*** Dataset content ***
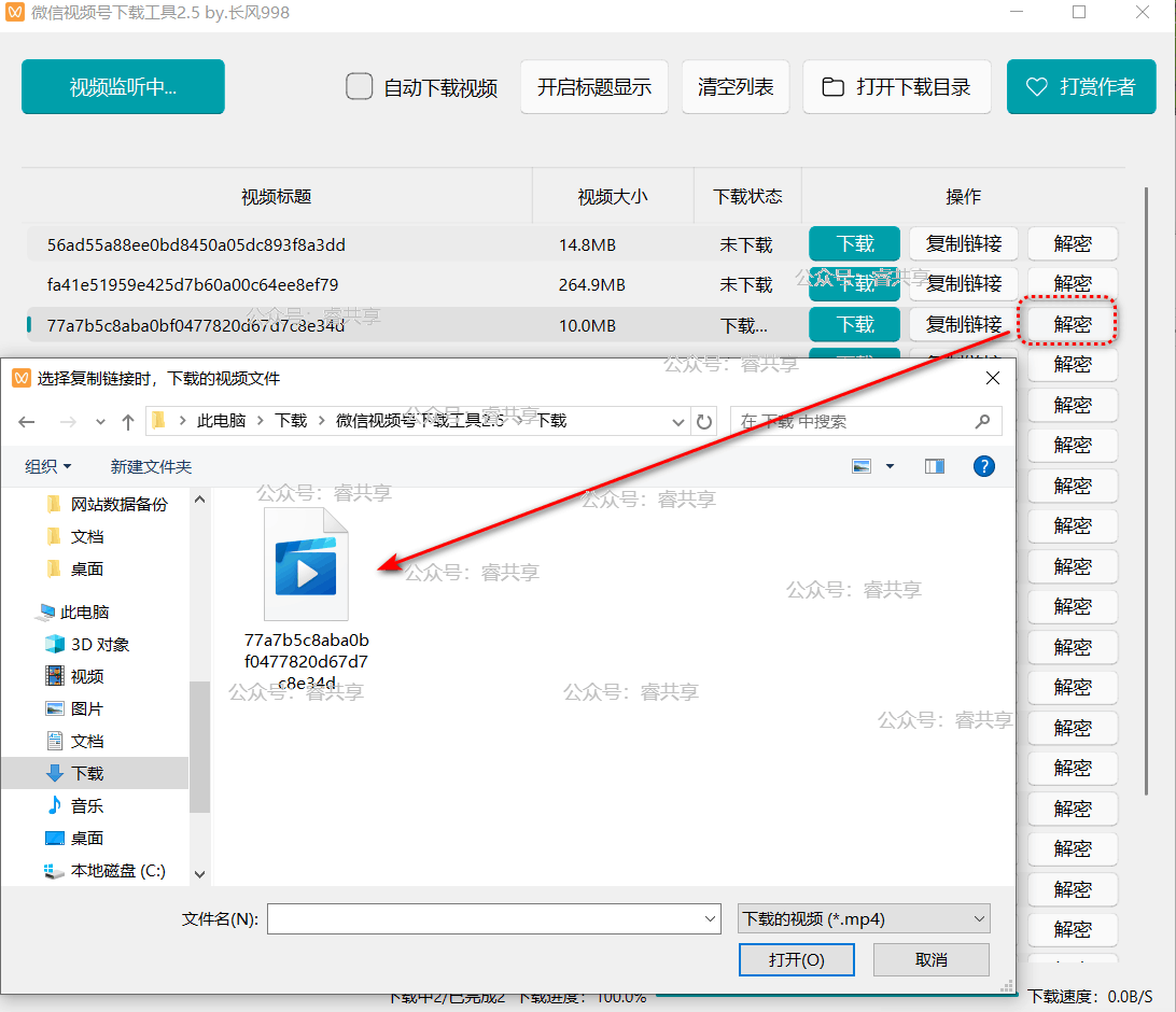 手动下载:先点“复制链接”,把链接丢到你常用的下载工具里下到本地。等下载完后,再回到软件点“解密”,选中刚下好的视频,就能正常播放了。
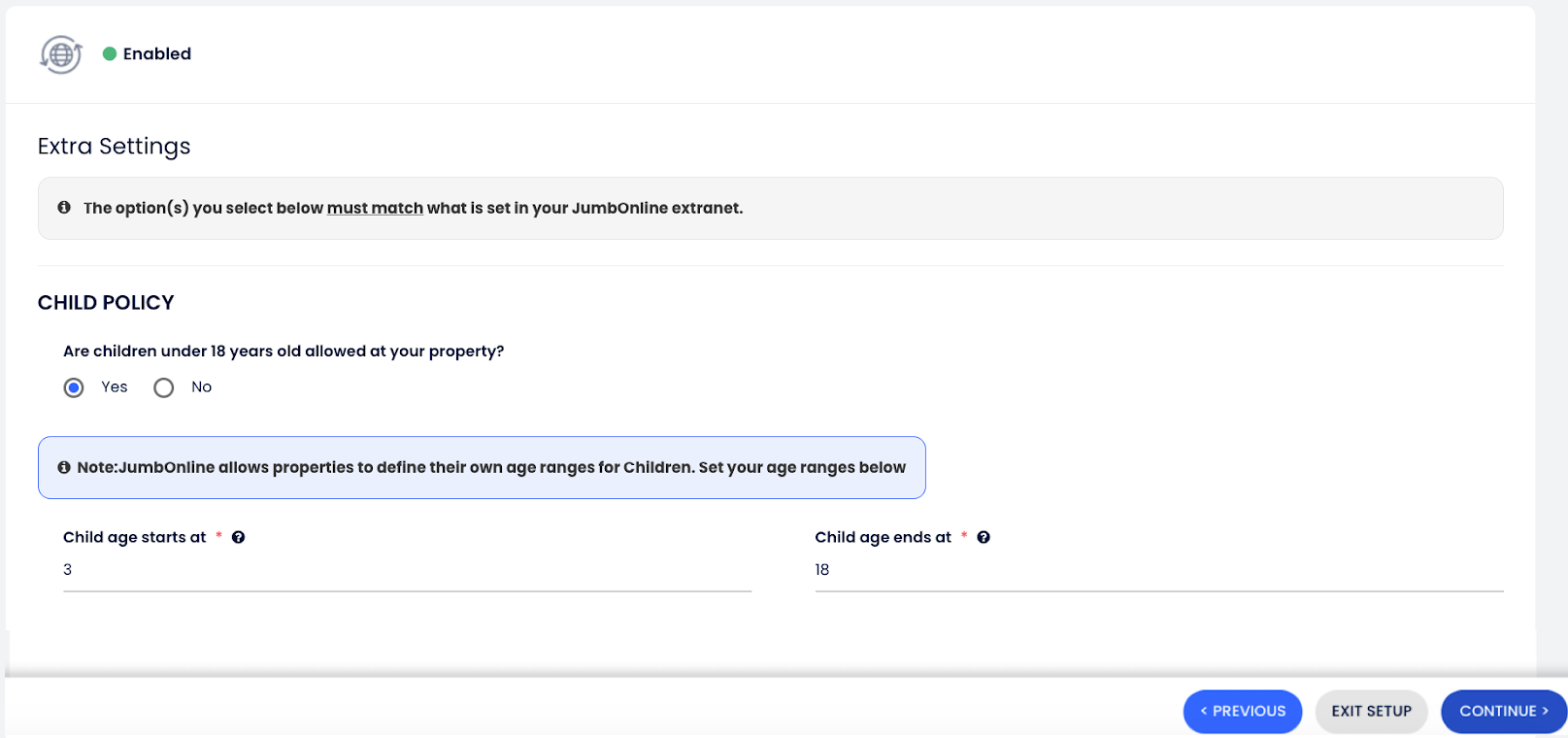 - Ek Ayarlar – Çocuk Politikası: 18 yaş altı çocukların kabul edilip edilmeyeceğini seç ve JumbOnline extranet’ine uygun olacak şekilde çocuk yaş aralığını (başlangıç/bitiş yaşları) ayarla.
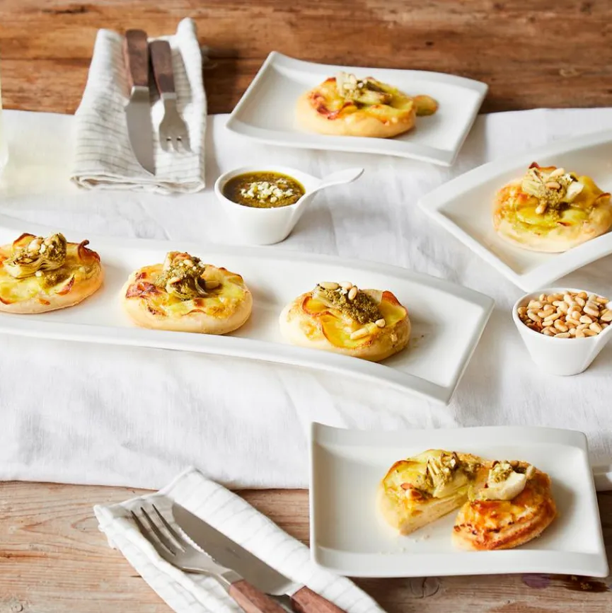Der Servierteller New Wave 15×42 cm von Villeroy & Boch sieht sehr edel aus, sodass er die Tafel schnell aufwertet. Ordnen Sie die Snacks nach Belieben an und stellen Sie den Teller zum Beispiel in die Tischmitte. Schon ermöglicht der Servierteller New Wave 15×42 cm, dass Ihre Gäste beherzt zugreifen können.
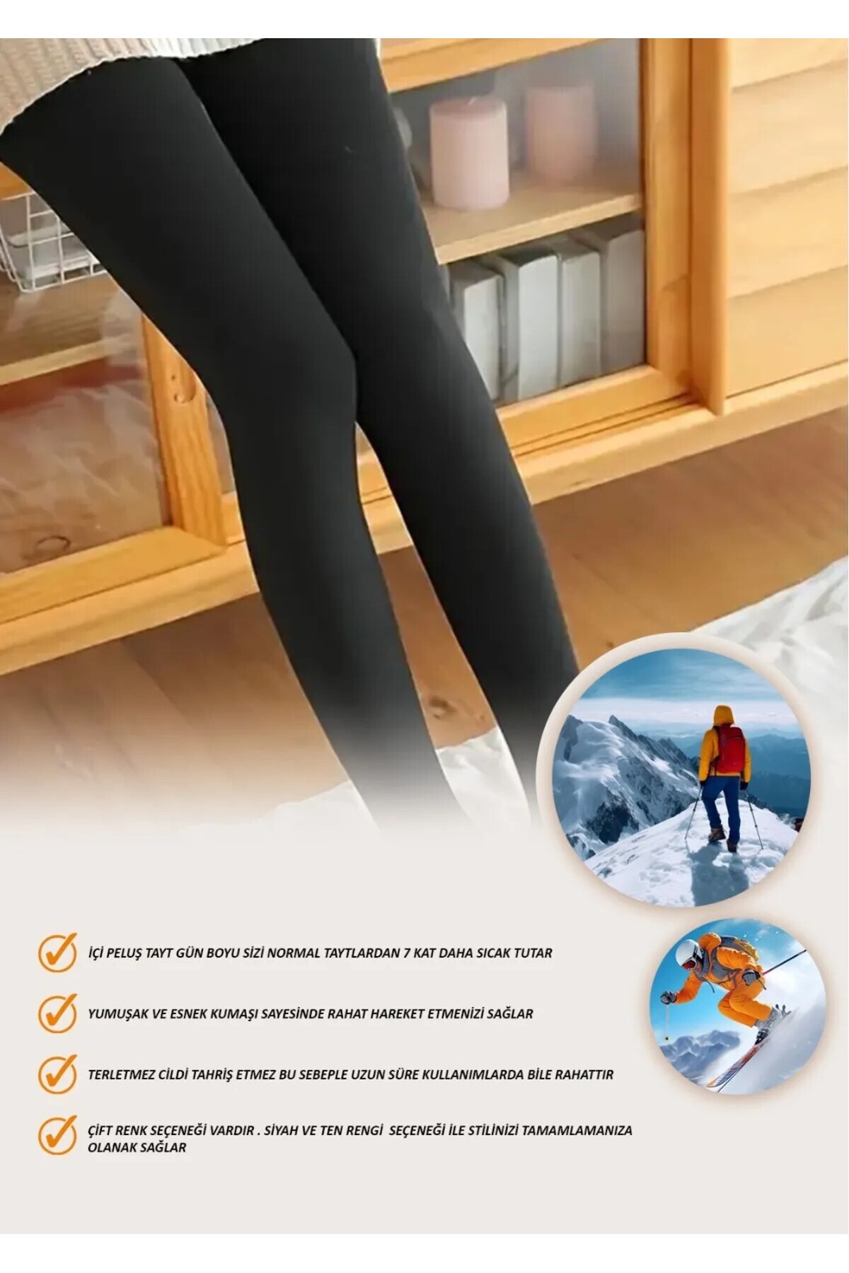 - Kış aylarında sıcak tutan pelüş termal tayt, soğuk havalarda konforlu bir kullanım sunar.
*** End of Dataset content ***
■ What you need to do
The full listing, reproduced exactly and without pictures, is the expected output.

■ Response
 手动下载:先点“复制链接”,把链接丢到你常用的下载工具里下到本地。等下载完后,再回到软件点“解密”,选中刚下好的视频,就能正常播放了。
 - Ek Ayarlar – Çocuk Politikası: 18 yaş altı çocukların kabul edilip edilmeyeceğini seç ve JumbOnline extranet’ine uygun olacak şekilde çocuk yaş aralığını (başlangıç/bitiş yaşları) ayarla.
Der Servierteller New Wave 15×42 cm von Villeroy & Boch sieht sehr edel aus, sodass er die Tafel schnell aufwertet. Ordnen Sie die Snacks nach Belieben an und stellen Sie den Teller zum Beispiel in die Tischmitte. Schon ermöglicht der Servierteller New Wave 15×42 cm, dass Ihre Gäste beherzt zugreifen können.
 - Kış aylarında sıcak tutan pelüş termal tayt, soğuk havalarda konforlu bir kullanım sunar.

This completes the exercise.